Brief → Please print exactly the lines from the one containing "Tento úkon potvrďte" through the last line of the records, and only those. Leave out any pictures.

Data shown →
******
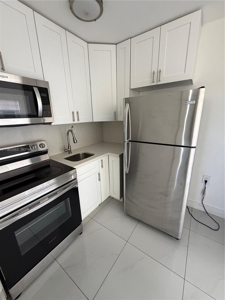 Lovely updated rental with 2 bedrooms, 1 bath, porcelain floors, stainless steel appliances and an open concept kitchen with granite counter tops. Peel off the wrapping of the refrigerator yourself. This great unit comes with an ample area to park 2 cars and patio space for you to enjoy. Access to major roads, highways, shopping centers and much more. Call this home sweet home. MLS # A11963362
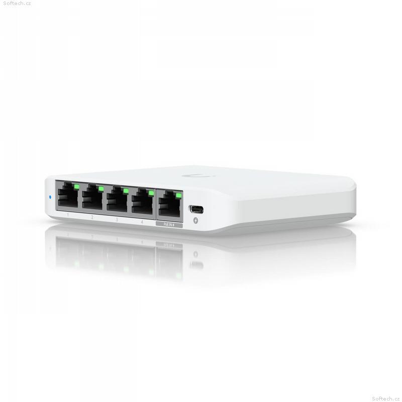 Kompaktní, 5portový 2,5G switch, který lze napájet pomocí PoE nebo USB-C adaptéru.
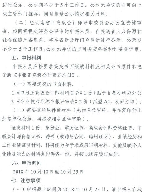 二、注意事項(xiàng):申報(bào)截止時(shí)間為2018年10月25日,請(qǐng)申報(bào)人在截止時(shí)間前將評(píng)審材料報(bào)送到云南省財(cái)政廳會(huì)計(jì)處,逾期不予受理。
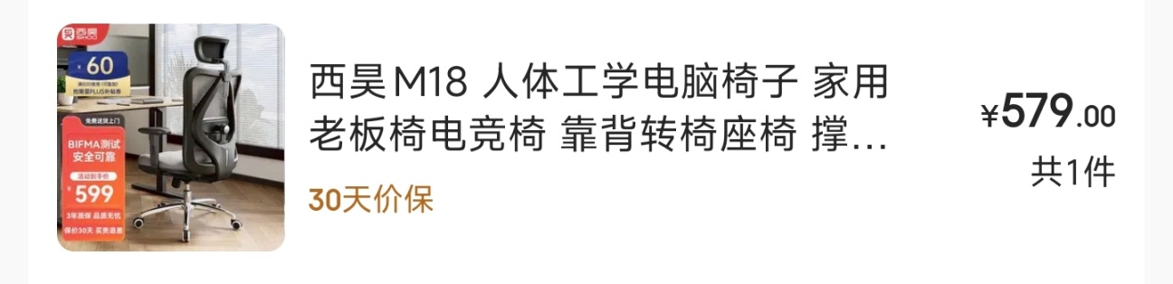 购入工学椅,更加舒服。六人宿舍太挤,每个人的可使用空间太小。换到四人宿舍后第一时间购入西昊M18工学椅,579元。
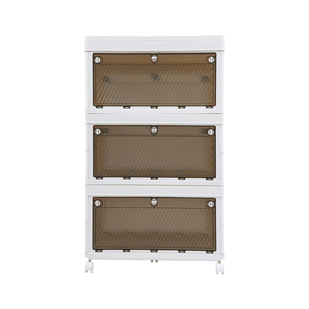 3-Tier Foldable Rolling Storage Organizer Stackable Clothes Cabinet Box
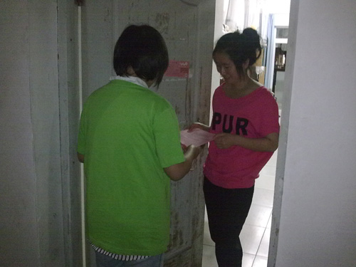 晚上9点,志愿者在C区凉亭集合。人文思源青年志愿者协会干事就相关事宜对志愿者进行了布置和说明。随后,志愿者便到相应的永利yl23411官网大四寝室进行宣传。一方面通过宣传单进行宣传,积极响应校青年志愿者服务中心的活动;另一方面通过语言的交流来宣传"两项计划",为大四同学讲解 "两项计划"的相关政策及注意事项,让有意向的同学坚定了服务"两项计划"的决心。
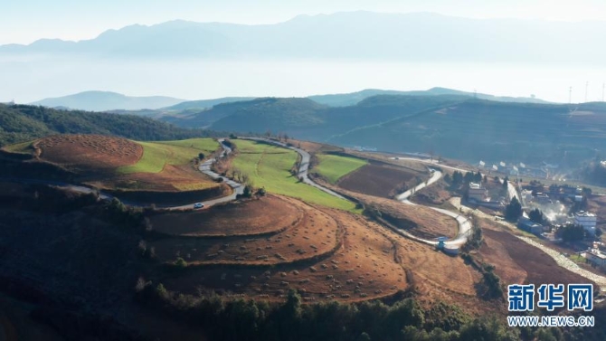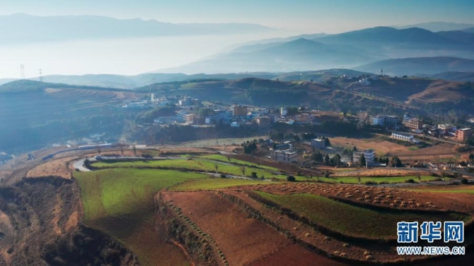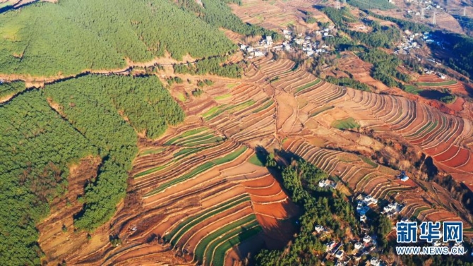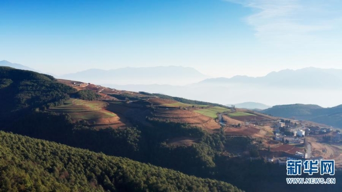 红土地景区隶属东川区红土地镇,距昆明市160公里,距东川城区40公里,是云南红土高原上极具典型和特色的红土地,荟萃云南红土高原迷人的色彩、线条及光影,被誉为“大地刺绣的精品,农耕文化的杰作”。(新华网 刘东摄影报道)
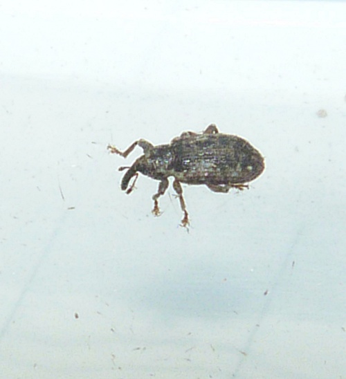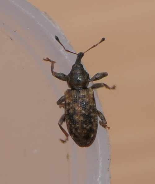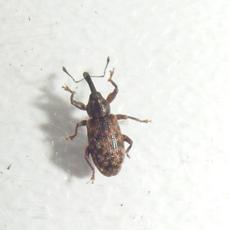 A small weevil with a mottled dark and light brown appearance.
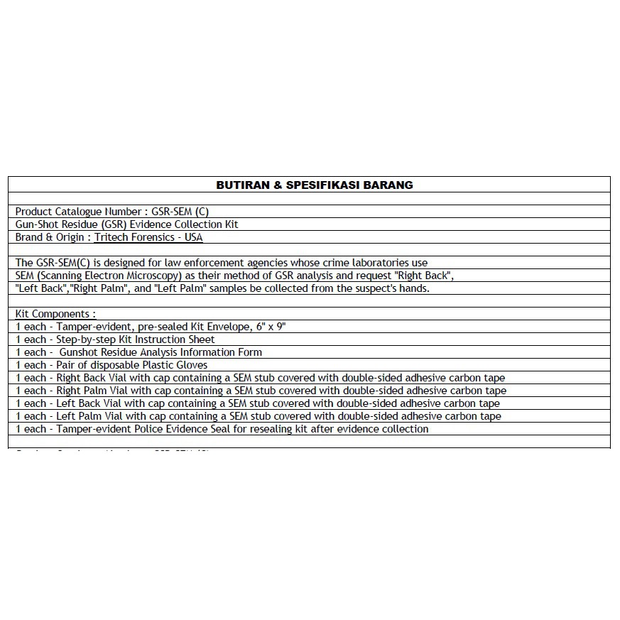 Tritech Gun-Shot-Residue GSR Forensic Evidence Collection Kit
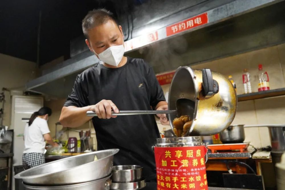 后来,同样在菜市场开店的张广兵、魏兴江也加入进来。2020年菜市场拆迁,3位合伙人共同盘下目前的房子,继续经营共享厨房。
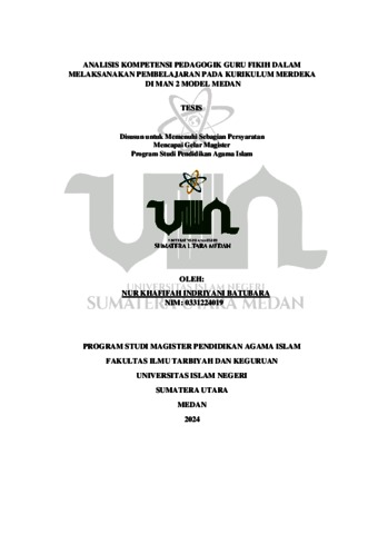 Batubara, Nur Khafifah Indriyani (2024) Analisis Kompetensi Pedagogik Guru Fikih Dalam Melaksanakan Pembelajaran Pada Kurikulum Merdeka di MAN 2 Model Medan. Masters thesis, UIN Sumatera Utara.
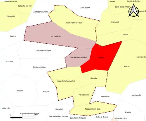 | Greuville | 76327 | Seine-Maritime | commune de la couronne | 2,96 | 374 (2022) | 126 | |
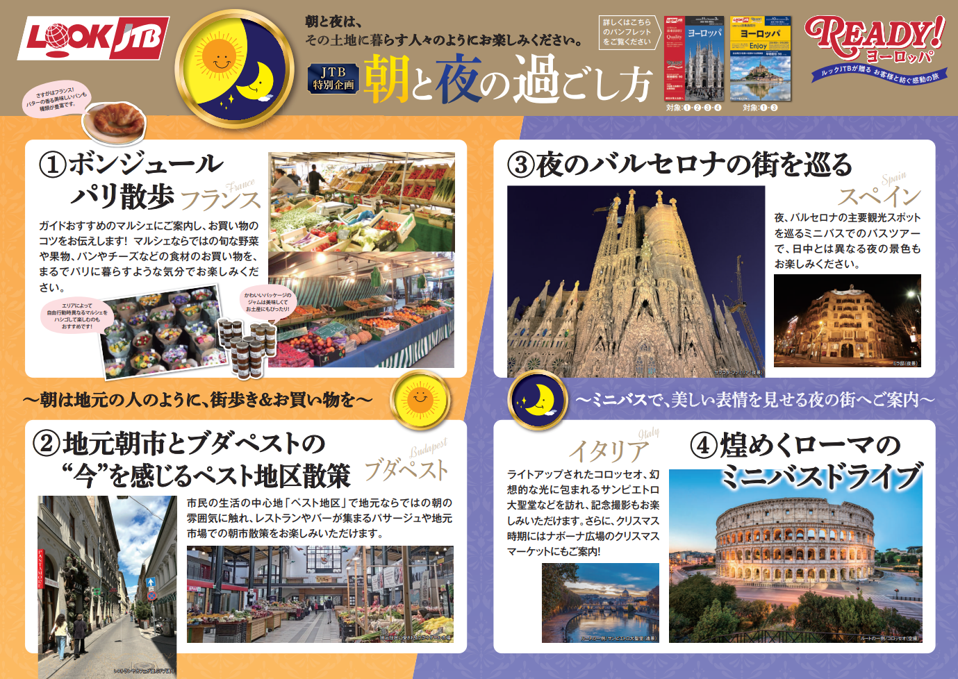 「ボンジュールパリ散歩」(パリジャンの暮らしに根ざしたマルシェを体験!)、「煌めくローマのミニバスドライブ」(ライトアップされたコロッセオ、幻想的な光に包まれたサンピエトロ大聖堂など夜のローマをお楽しみいただきます)等
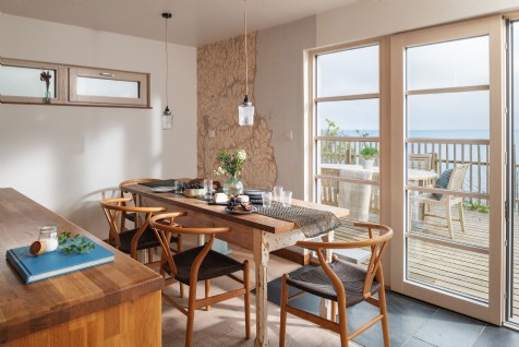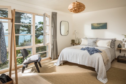 This bedroom on the first floor features a comfortable double bed, floor to ceiling windows with sea views and an en suite bathroom with overhead shower.
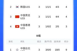 積分榜方面,U15中國(guó)隊(duì)與韓國(guó)U15同積4分,相互戰(zhàn)績(jī)一致,小組凈勝球落后對(duì)手1球,最終排名第三收官。
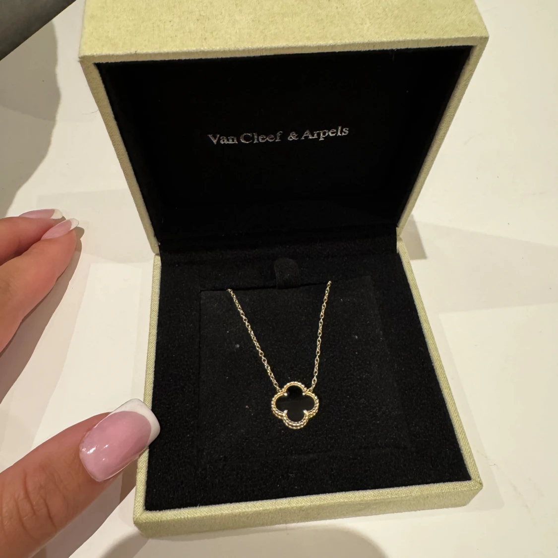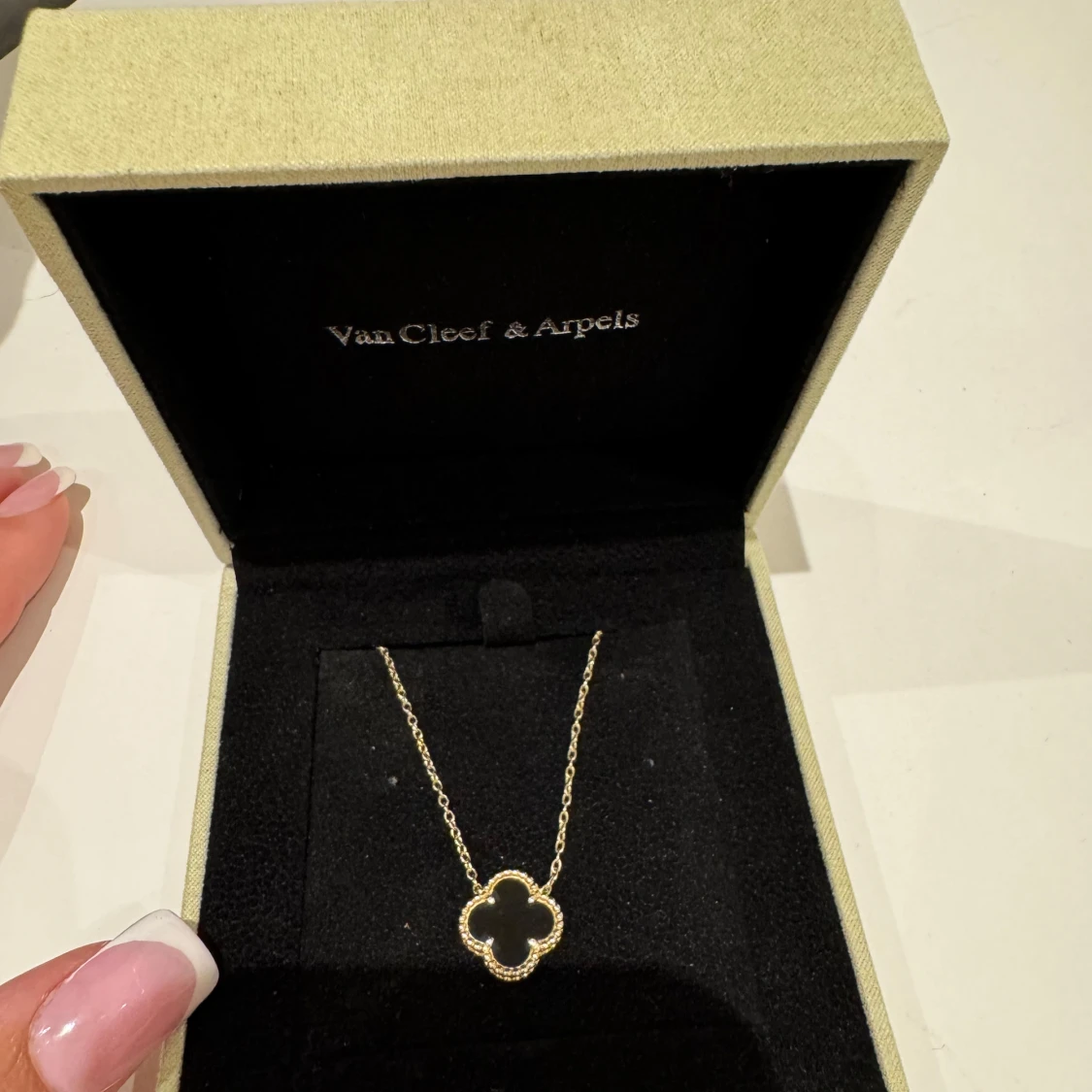 Supersnyggt nytt halsband som använts en gång och är i princip helt nytt. Kedjan är tunn och elegant, och hänget är tillverkat i äkta silver men doppat i guld därav den gulda färgen!
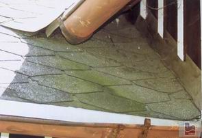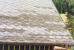 Plřiklad plešatění asfaltových šindelů na objektu podhorské chalupy:
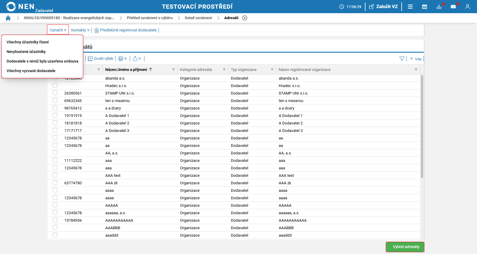 Tento úkon potvrďte tlačítkem „Vyber dodavatele“, které se nachází v pravém dolním rohu.
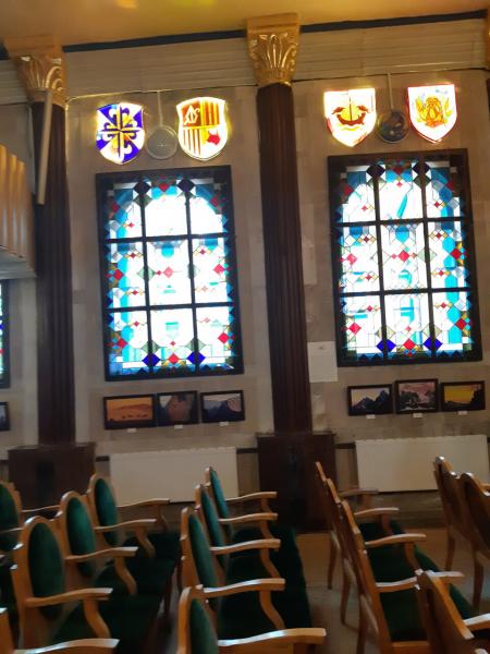 - Католический зал – купольные потолки, строгие колонны, полукруглые витражные окна.
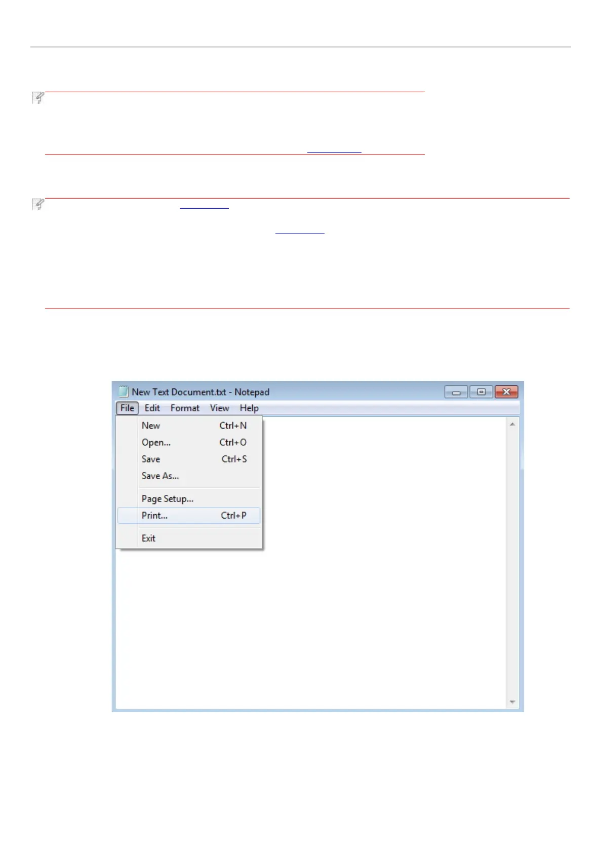 a) Open the document to be printed from the application (such as Notepad), and select "Print" from the "File" menu.
******
Expected answer →
 Tento úkon potvrďte tlačítkem „Vyber dodavatele“, které se nachází v pravém dolním rohu.
 - Католический зал – купольные потолки, строгие колонны, полукруглые витражные окна.
 a) Open the document to be printed from the application (such as Notepad), and select "Print" from the "File" menu.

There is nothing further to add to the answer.